C question
Hi,
你好,
I am passing a double pointer to a function to allocate a double array and initialise the array inside the function with lets say 10.10;
我将一个双指针传递给一个函数来分配一个双数组并在函数内初始化数组,比如10.10;
I do the following but get segmentation fault when I access the array in main;
我做了以下操作,但是当我访问主数组时,会得到分割错误;
void function(double **array, int size){
*array = (double*) malloc(size * sizeof(double));
int i;
for(i=0;i<size;i++){
*array[i] = 10.10;
}
}
int main(){
double *array = NULL;
function(&array,20);
printf("array[0] = %lg\n",array[0]);// here is where I get segmentation fault
}
Any help ?
任何帮助吗?
2 个解决方案
#1
1
*array[i]
doesn't mean what you think it does (look it up using a C operator precedence table).
并不表示您认为它是什么(使用C操作符优先表查找)。
Instead of unreadable, ugly and confusing (yes, it just confused you) code, use a temporary variable (and do not for the love of God cast the return value of malloc!):
代码不是不可读的、丑陋的和令人困惑的(是的,它只是让你困惑),而是使用一个临时变量(不要为了上帝的爱而使用malloc的返回值!)
void function(double **array, int size)
{
if (array == NULL) return;
double *tmp = malloc(size * sizeof(*tmp));
if (tmp == NULL) {
*array = NULL;
return;
}
int i;
for (i = 0; i < size; i++) {
tmp[i] = 10.10;
}
*array = tmp;
}
Also, return 0; from main(). Really.
此外,返回0;从主()。
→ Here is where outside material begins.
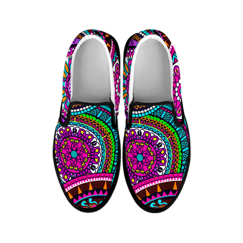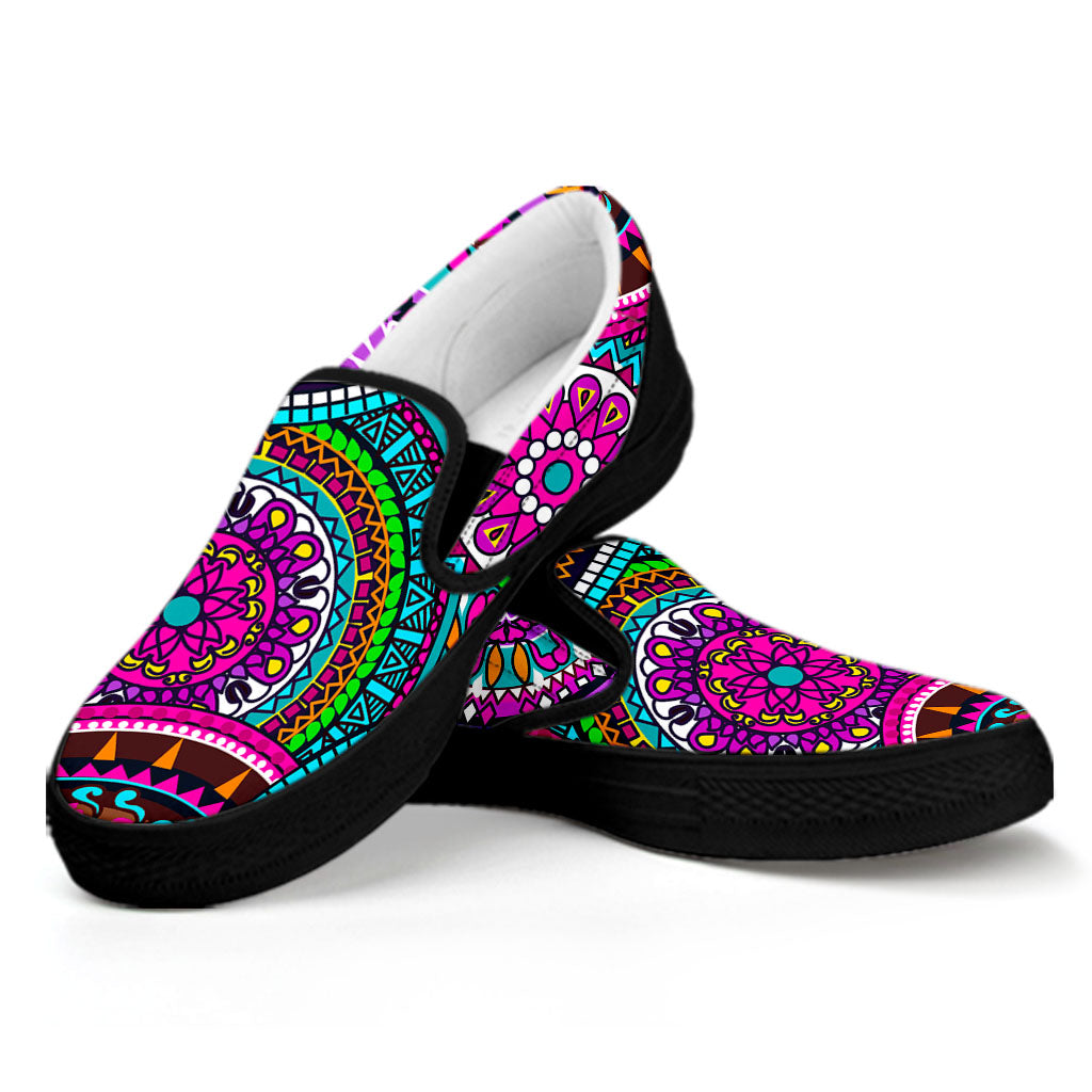 Are you looking for unique sneakers? Check our Purple Teal Circle Mandala Print Black Slip On Sneakers on GearFrost. Our sneakers are handcrafted to the highest quality standards and made-to-order for you!

真的。
#2
3
You have fallen foul of operator precedence.
你违反了操作符优先级。
Change:
变化:
for(i=0;i<size;i++){
*array[i] = 10.10;
}
to:
:
for(i=0;i<size;i++){
(*array)[i] = 10.10;
}
Note that if you had compiled with warnings enabled (e.g. gcc -Wall ...) your compiler would have caught this for you. Always compile with warnings enabled and always pay heed to, understand and fix any warnings.
请注意,如果您使用已启用的警告(例如gcc -Wall…)进行编译,您的编译器将为您捕捉到这一点。经常使用警告进行编译,并始终注意、理解和修复任何警告。
#1
1
*array[i]
doesn't mean what you think it does (look it up using a C operator precedence table).
并不表示您认为它是什么(使用C操作符优先表查找)。
Instead of unreadable, ugly and confusing (yes, it just confused you) code, use a temporary variable (and do not for the love of God cast the return value of malloc!):
代码不是不可读的、丑陋的和令人困惑的(是的,它只是让你困惑),而是使用一个临时变量(不要为了上帝的爱而使用malloc的返回值!)
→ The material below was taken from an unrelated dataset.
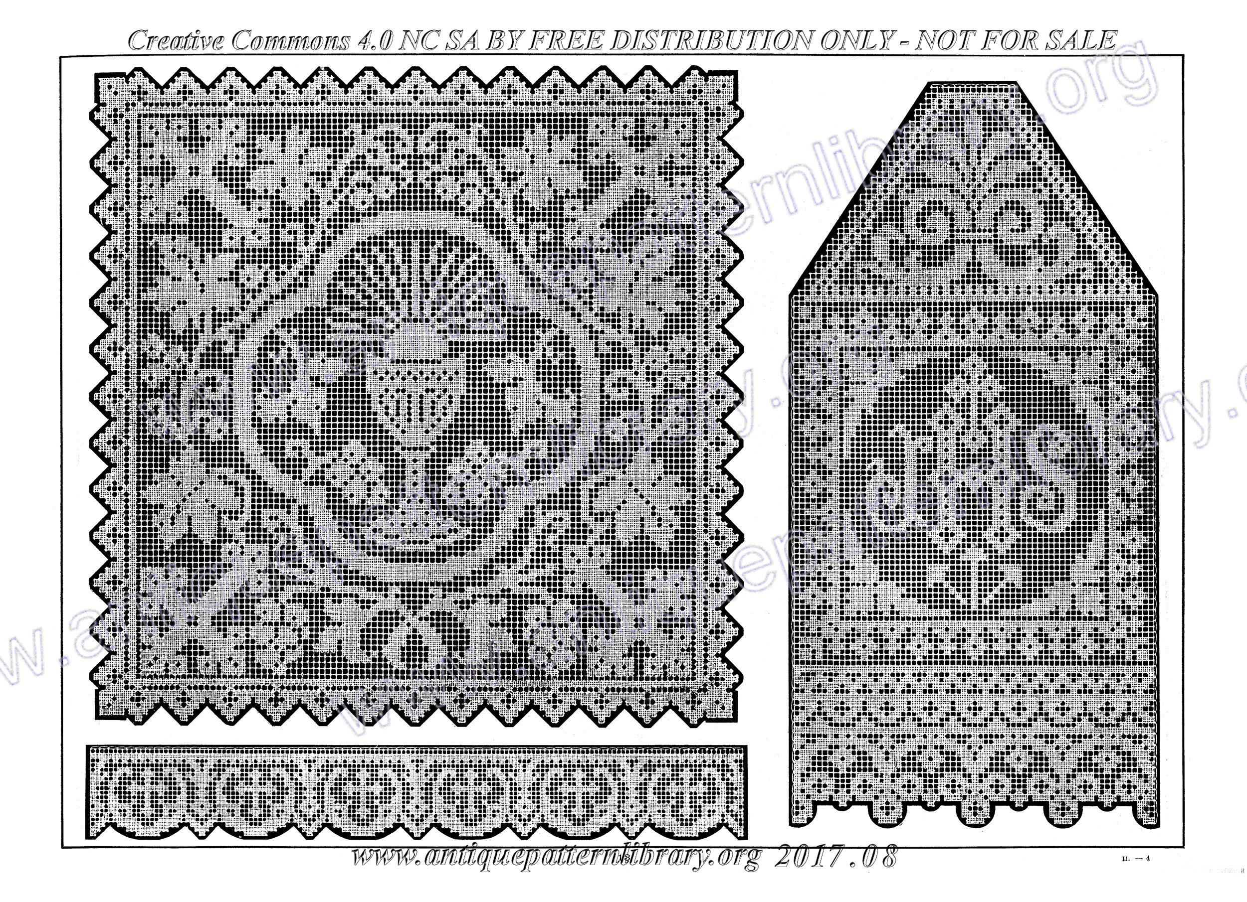 The second Filet Ancient book, printed in 1913. Charted designs for darned net (filet), also useful for filet crochet, cross-stitch, and voided embroidery (Assisi). More strips, insertions, borders, corners, swags, and large motifs. The life of Joan of Arc, heraldic beasts, cherubs; folk tale scenes; cherubs and nymphs; Aesops fables; devotional motifs; Greek and Roman mythic figures; lords and ladies and court life; birds, beasts, flowers, and geometric/scrolling ornament; Night and Day; hunting scenes; procession of the Saints; and more.

void function(double **array, int size)
{
if (array == NULL) return;
double *tmp = malloc(size * sizeof(*tmp));
if (tmp == NULL) {
*array = NULL;
return;
}
int i;
for (i = 0; i < size; i++) {
tmp[i] = 10.10;
}
*array = tmp;
}
Also, return 0; from main(). Really.
此外,返回0;从主()。真的。
#2
3
You have fallen foul of operator precedence.
你违反了操作符优先级。
Change:
变化:
for(i=0;i<size;i++){
*array[i] = 10.10;
}
to:
:
for(i=0;i<size;i++){
(*array)[i] = 10.10;
}
Note that if you had compiled with warnings enabled (e.g. gcc -Wall ...) your compiler would have caught this for you. Always compile with warnings enabled and always pay heed to, understand and fix any warnings.
请注意,如果您使用已启用的警告(例如gcc -Wall…)进行编译,您的编译器将为您捕捉到这一点。经常使用警告进行编译,并始终注意、理解和修复任何警告。